◆ **PROVIDED INFORMATION**
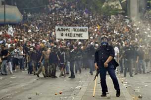 Người dân Hy Lạp biểu tình, bạo loạn gần tòa nhà Quốc hội Hy Lạp, Athens ngày 05/05/2010 để phản đối sự yếu kém của chính phủ. AFP PHOTO/ Aris MESSINIS.
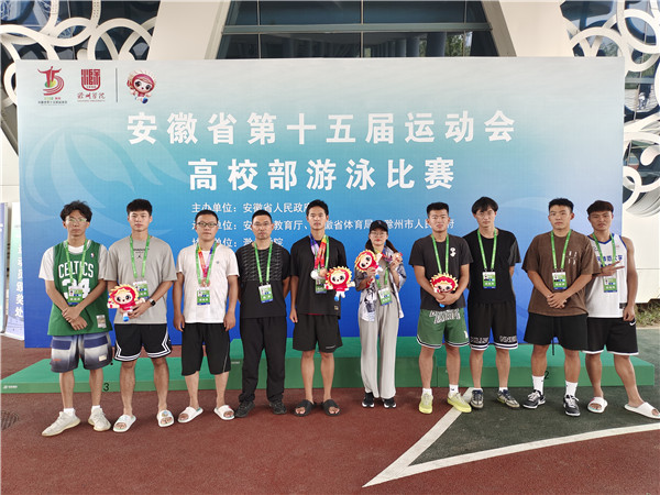 7月19日至21日,由安徽省人民政府主办的省第十五届运动会高校部游泳比赛在滁州落下帷幕。我校代表队9名队员在教练员姚彬彬老师带领下,获得1银3铜,共计5项二等奖和10项三等奖,并获得了体育道德风尚奖。
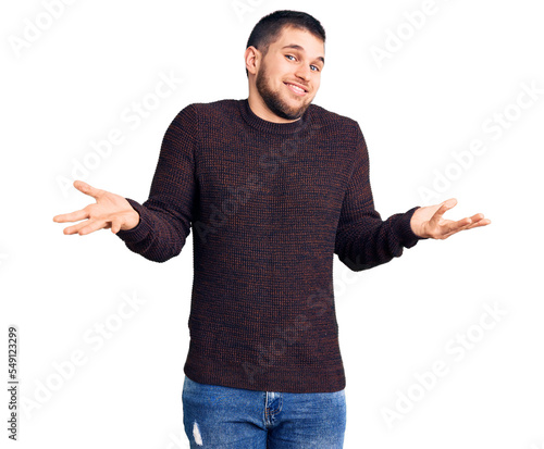 Young handsome man wearing casual sweater clueless and confused expression with arms and hands raised. doubt concept.
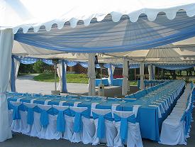 - Красивые шатры, позволяющие отметить мероприятие на свежем воздухе (до 200 человек).
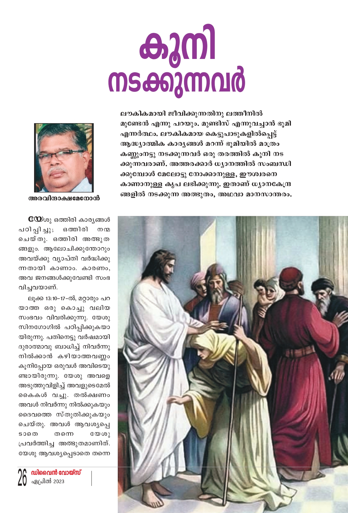 യേശു ഒത്തിരി കാര്യങ്ങൾ പഠിപ്പിച്ചു; ഒത്തിരി (1)(2) ചെയ്തു. ഒത്തിരി അത്ഭുത ങ്ങളും. ആലോചിക്കുന്തോറും അവയ്ക്കു വ്യാപ്തി വർദ്ധിക്കു ന്നതായി കാണാം. കാരണം. അവ ജനങ്ങൾക്കുവേണ്ടി സംഭ വിച്ചവയാണ്. ലൂക്ക 13:10-17-ൽ, മറ്റാരും പറ യാത്ത ഒരു കൊച്ചു വലിയ സംഭവം വിവരിക്കുന്നു. യേശു സിനഗോഗിൽ പഠിപ്പിക്കുകയാ യിരുന്നു. പതിനെട്ടു വർഷമായി ദുരാത്മാവു ബാധിച്ച് നിവർന്നു നിൽക്കാൻ കഴിയാത്തവണ്ണം കൂനിപ്പോയ ഒരുവൾ അവിടെയു ണ്ടായിരുന്നു. യേശു അവളെ അടുത്തുവിളിച്ച് അവളുടെമേൽ കൈകൾ വച്ചു. തൽക്ഷണം അവൾ നിവർന്നു നിൽക്കുകയും ദൈവത്തെ സ്തുതിക്കുകയും ചെയ്തു. അവൾ ആവശ്യപ്പെ ()() യേശു പ്രവർത്തിച്ച അത്ഭുതമാണിത്.
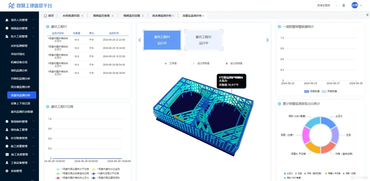 基于物联网传感器与自动采集技术,对基坑支护结构位移、沉降、支撑轴力、地下水位等关键指标进行全天候自动化监测。数据实时上传至云平台,通过专业分析模型进行稳定性评估与趋势预测,及时发布预警信息,为深基坑施工安全提供科学依据与决策支持。

◆ **WHAT IS NEEDED**
The result should be a verbatim copy of the data, free of pictures.

◆ **RESPONSE AREA**
 Người dân Hy Lạp biểu tình, bạo loạn gần tòa nhà Quốc hội Hy Lạp, Athens ngày 05/05/2010 để phản đối sự yếu kém của chính phủ. AFP PHOTO/ Aris MESSINIS.
 7月19日至21日,由安徽省人民政府主办的省第十五届运动会高校部游泳比赛在滁州落下帷幕。我校代表队9名队员在教练员姚彬彬老师带领下,获得1银3铜,共计5项二等奖和10项三等奖,并获得了体育道德风尚奖。
 Young handsome man wearing casual sweater clueless and confused expression with arms and hands raised. doubt concept.
 - Красивые шатры, позволяющие отметить мероприятие на свежем воздухе (до 200 человек).
 യേശു ഒത്തിരി കാര്യങ്ങൾ പഠിപ്പിച്ചു; ഒത്തിരി (1)(2) ചെയ്തു. ഒത്തിരി അത്ഭുത ങ്ങളും. ആലോചിക്കുന്തോറും അവയ്ക്കു വ്യാപ്തി വർദ്ധിക്കു ന്നതായി കാണാം. കാരണം. അവ ജനങ്ങൾക്കുവേണ്ടി സംഭ വിച്ചവയാണ്. ലൂക്ക 13:10-17-ൽ, മറ്റാരും പറ യാത്ത ഒരു കൊച്ചു വലിയ സംഭവം വിവരിക്കുന്നു. യേശു സിനഗോഗിൽ പഠിപ്പിക്കുകയാ യിരുന്നു. പതിനെട്ടു വർഷമായി ദുരാത്മാവു ബാധിച്ച് നിവർന്നു നിൽക്കാൻ കഴിയാത്തവണ്ണം കൂനിപ്പോയ ഒരുവൾ അവിടെയു ണ്ടായിരുന്നു. യേശു അവളെ അടുത്തുവിളിച്ച് അവളുടെമേൽ കൈകൾ വച്ചു. തൽക്ഷണം അവൾ നിവർന്നു നിൽക്കുകയും ദൈവത്തെ സ്തുതിക്കുകയും ചെയ്തു. അവൾ ആവശ്യപ്പെ ()() യേശു പ്രവർത്തിച്ച അത്ഭുതമാണിത്.
 基于物联网传感器与自动采集技术,对基坑支护结构位移、沉降、支撑轴力、地下水位等关键指标进行全天候自动化监测。数据实时上传至云平台,通过专业分析模型进行稳定性评估与趋势预测,及时发布预警信息,为深基坑施工安全提供科学依据与决策支持。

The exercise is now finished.